Repeat everything from the first line of the listing below through the line that contains "Während der Index", exactly. Leave out pictures.
Segment Start: Data to process
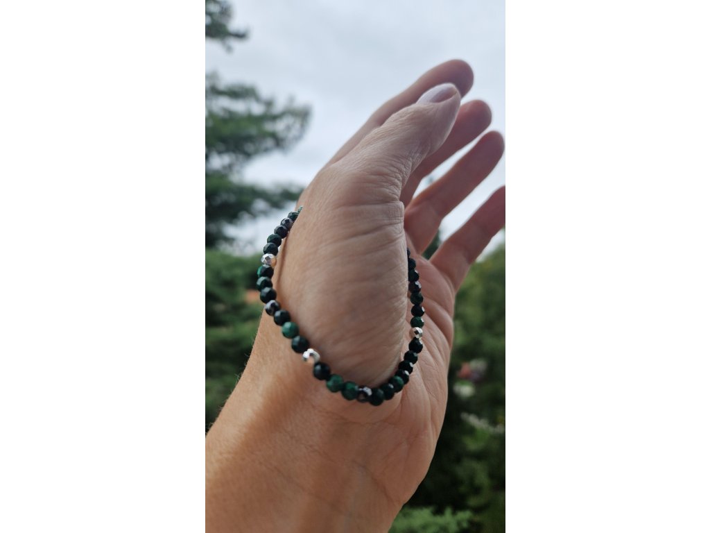 Elegantní náramek z broušeného malachitu (4 mm) doplněný o lesklé hematity. Na výběr varianta se stříbrnými nebo černými korálky. Nadčasový kousek, který zaujme na první pohled.
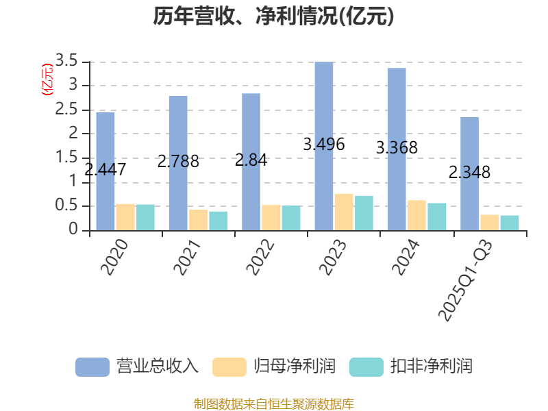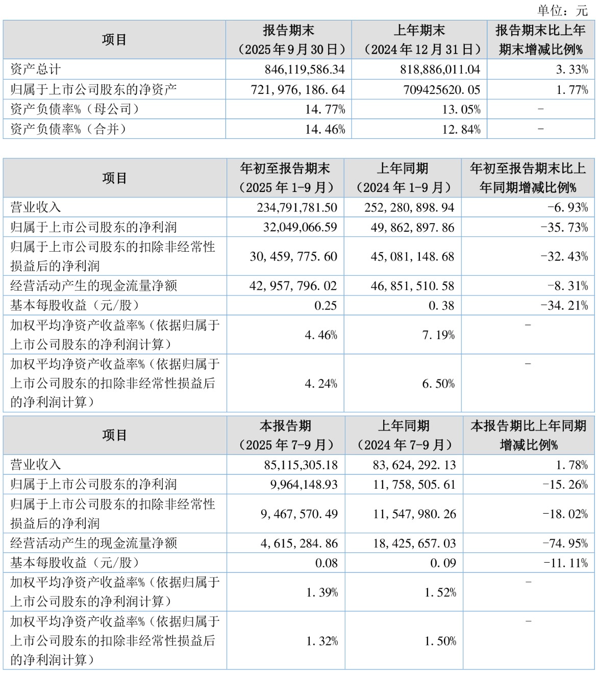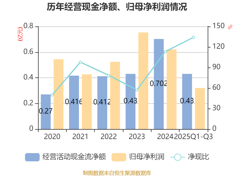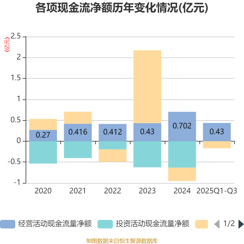 2025年前三季度,公司经营活动现金流净额为4295.78万元,同比下降8.31%;筹资活动现金流净额-1702.36万元,同比增加1805.19万元;投资活动现金流净额71.67万元,上年同期为4899.01万元。
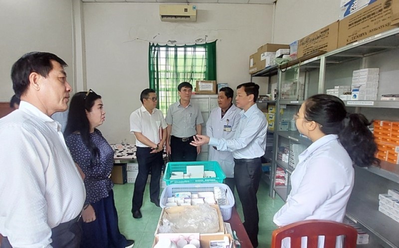 Thứ trưởng Nguyễn Tri Thức và đoàn công tác khảo sát tại Trạm Y tế xã Châu Thới
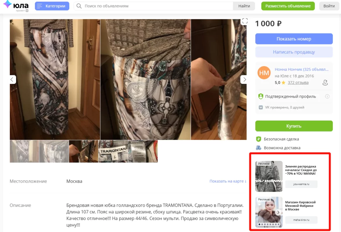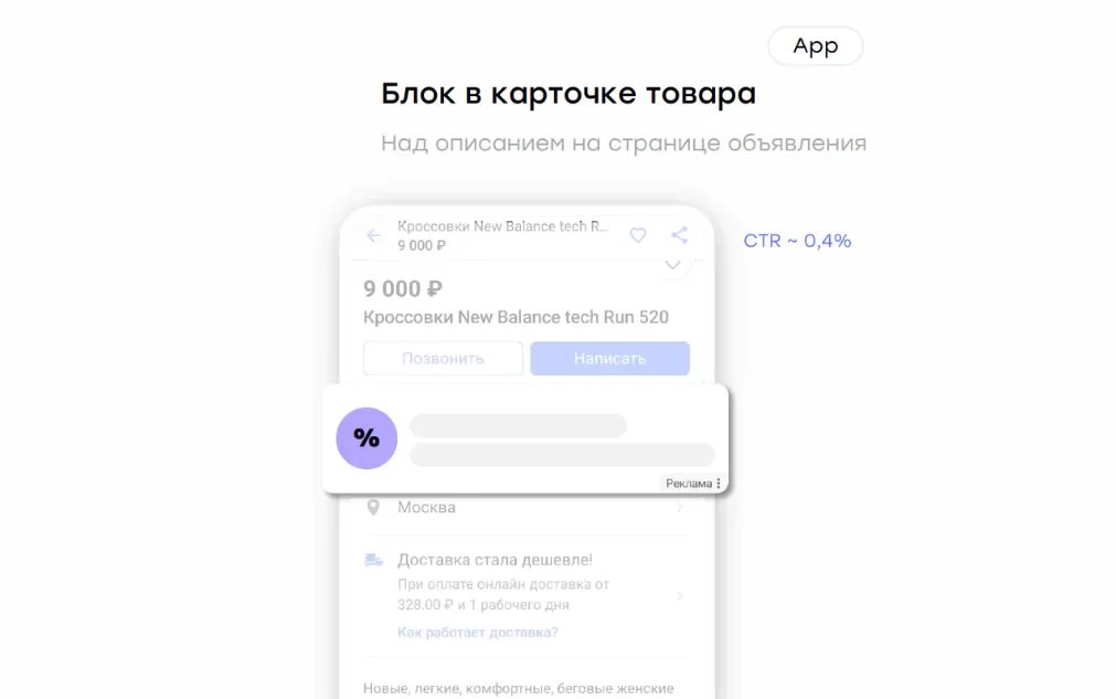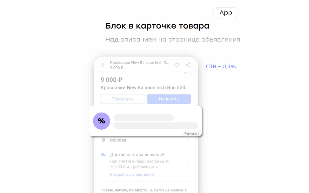 Рекламные блоки в карточках товаров. Встроенная в объявления реклама помогает обратиться к целевой аудитории напрямую.
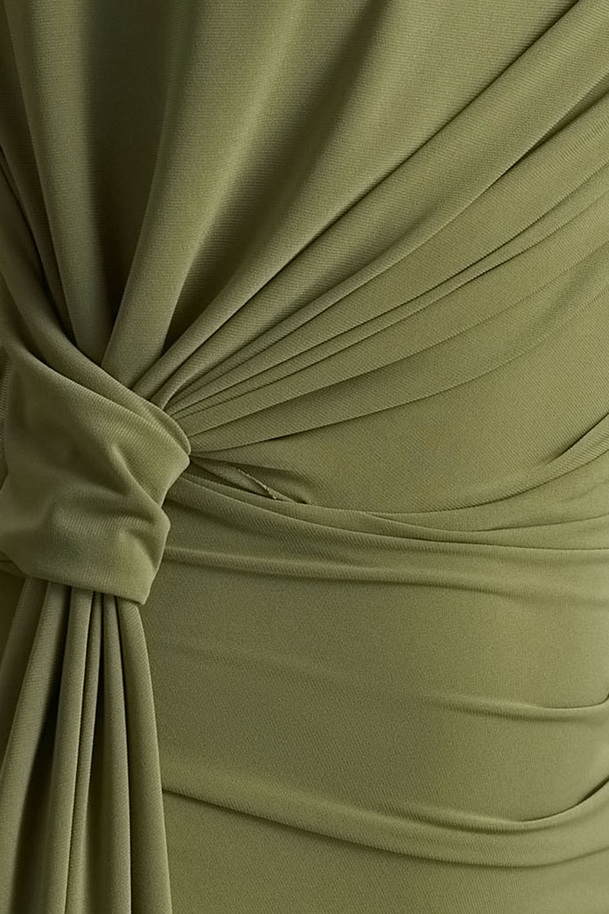 Own the night in Sorenna, a dress that blends sleek sophistication with head-turning detail. Cut from our premium stretch jersey in a classic olive hue, this mini dress contours your curves to perfection. The high neckline offers a refined edge, balanced by the statement knot at the waist that cascades into a dramatic floor-length sash. Ruched detailing enhances the silhouette, creating a flattering fit that’s made for making an entrance. Sorenna is the definition of chic with a daring twist.
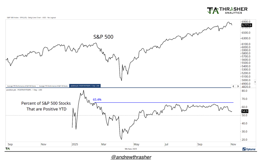 Während der Index nur wenige Prozent unter seinem Allzeithoch notiert, befinden sich aktuell nur rund 55 % der Einzelwerte im Plus seit Jahresbeginn. Zum Vergleich: Vor dem Rücksetzer im März/April lag dieser Anteil bei 65 %.
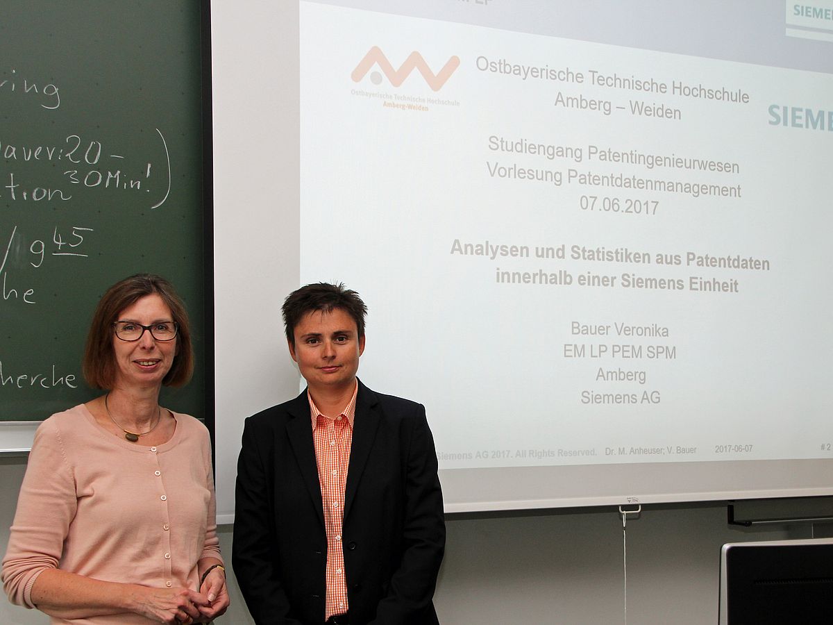 Veronika Bauer besuchte die OTH Amberg-Weiden auf Einladung von Professor Dr. Ursula Versch, Praxisbeauftragte PI, im Rahmen der Vorlesung Patentdatenmanagement.
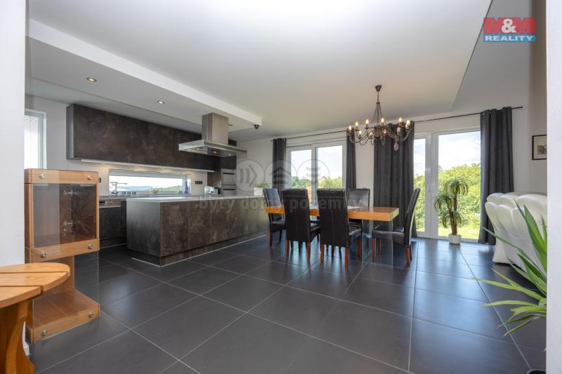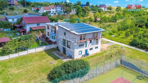 Nabízíme exkluzivní rodinný dům o užitné ploše 360 m² na slunném pozemku 747 m² v klidné části Mistřic. Cihlová stavba v osobním vlastnictví, bez podsklepení a ve výborném technickém stavu, nabízí nadstandardní bydlení ve dvou nadzemních podlažích. V prvním patře je obytná zóna s obývacím pokojem propojeným s jídelnou a kuchyňským ostrůvkem, odkud francouzské dveře vedou do udržované zahrady ideální k odpočinku či grilování. Soukromé patro doplňují dvě světlé ložnice a elegantní koupelna s vanou i sprchovým koutem. Přízemí tvoří samostatný byt s vlastním vchodem, kuchyňským koutem, obývacím pokojem a sociálním zázemím – ideální pro hosty, kancelář nebo pronájem. Součástí je dvojgaráž pro dvě auta a další parkování před domem. Velká okna zajišťují dostatek denního světla. Díky modernímu designu, nadstandardním dispozicím a blízkosti přírody, cyklostezek a sportovišť je dům perfektní volbou pro náročné rodinné bydlení.
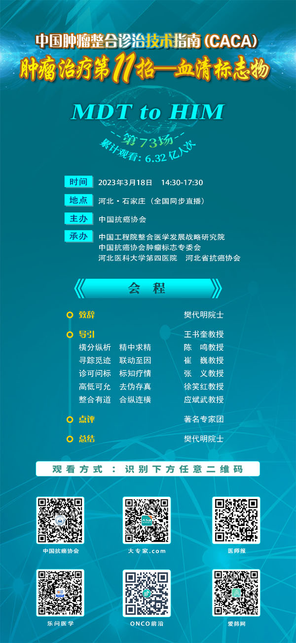 “CACA技术指南精读巡讲-血清标志物专场”活动将于3月18日(周六)14:30-17:30隆重召开,活动由中国抗癌协会主办,中国工程院整合医学发展战略研究院、中国抗癌协会肿瘤标志专委会、河北医科大学第四医院、河北省抗癌协会承办。发布会环节由中国抗癌协会副理事长张建功教授主持,中国抗癌协会理事长樊代明院士特邀著名专家团进行点评,南京医科大学附属南京医院王书奎、陆军军医大学西南医院陈鸣、中国医学科学院肿瘤医院崔巍、山东大学齐鲁医院张义、中国科学院大学附属肿瘤医院徐笑红、四川大学华西医院应斌武等教授,就医学界和公众最关注的肿瘤诊疗高招之一——肿瘤血清标志物中的热点问题,开展系统、精彩的专题讲座。中国抗癌协会及河北省多位领导出席会议,见证CACA指南发布及认证专家证章颁发仪式。精读巡讲活动将通过中国抗癌协会客户端APP及数十家权威媒体直播。伴随指南的发布暨精读巡讲会议的召开,协会启动指南进校园、医师认证、中国行基层培训、国际合作推广、短视频创作、媒体访谈、患教科普、指南应用工具开发等一系列指南解读推广活动,掀起新一轮全国“学指南、用指南、遵规范”的热潮。
Segment End: Data to process
[Task result]:
 Elegantní náramek z broušeného malachitu (4 mm) doplněný o lesklé hematity. Na výběr varianta se stříbrnými nebo černými korálky. Nadčasový kousek, který zaujme na první pohled.
 2025年前三季度,公司经营活动现金流净额为4295.78万元,同比下降8.31%;筹资活动现金流净额-1702.36万元,同比增加1805.19万元;投资活动现金流净额71.67万元,上年同期为4899.01万元。
 Thứ trưởng Nguyễn Tri Thức và đoàn công tác khảo sát tại Trạm Y tế xã Châu Thới
 Рекламные блоки в карточках товаров. Встроенная в объявления реклама помогает обратиться к целевой аудитории напрямую.
 Own the night in Sorenna, a dress that blends sleek sophistication with head-turning detail. Cut from our premium stretch jersey in a classic olive hue, this mini dress contours your curves to perfection. The high neckline offers a refined edge, balanced by the statement knot at the waist that cascades into a dramatic floor-length sash. Ruched detailing enhances the silhouette, creating a flattering fit that’s made for making an entrance. Sorenna is the definition of chic with a daring twist.
 Während der Index nur wenige Prozent unter seinem Allzeithoch notiert, befinden sich aktuell nur rund 55 % der Einzelwerte im Plus seit Jahresbeginn. Zum Vergleich: Vor dem Rücksetzer im März/April lag dieser Anteil bei 65 %.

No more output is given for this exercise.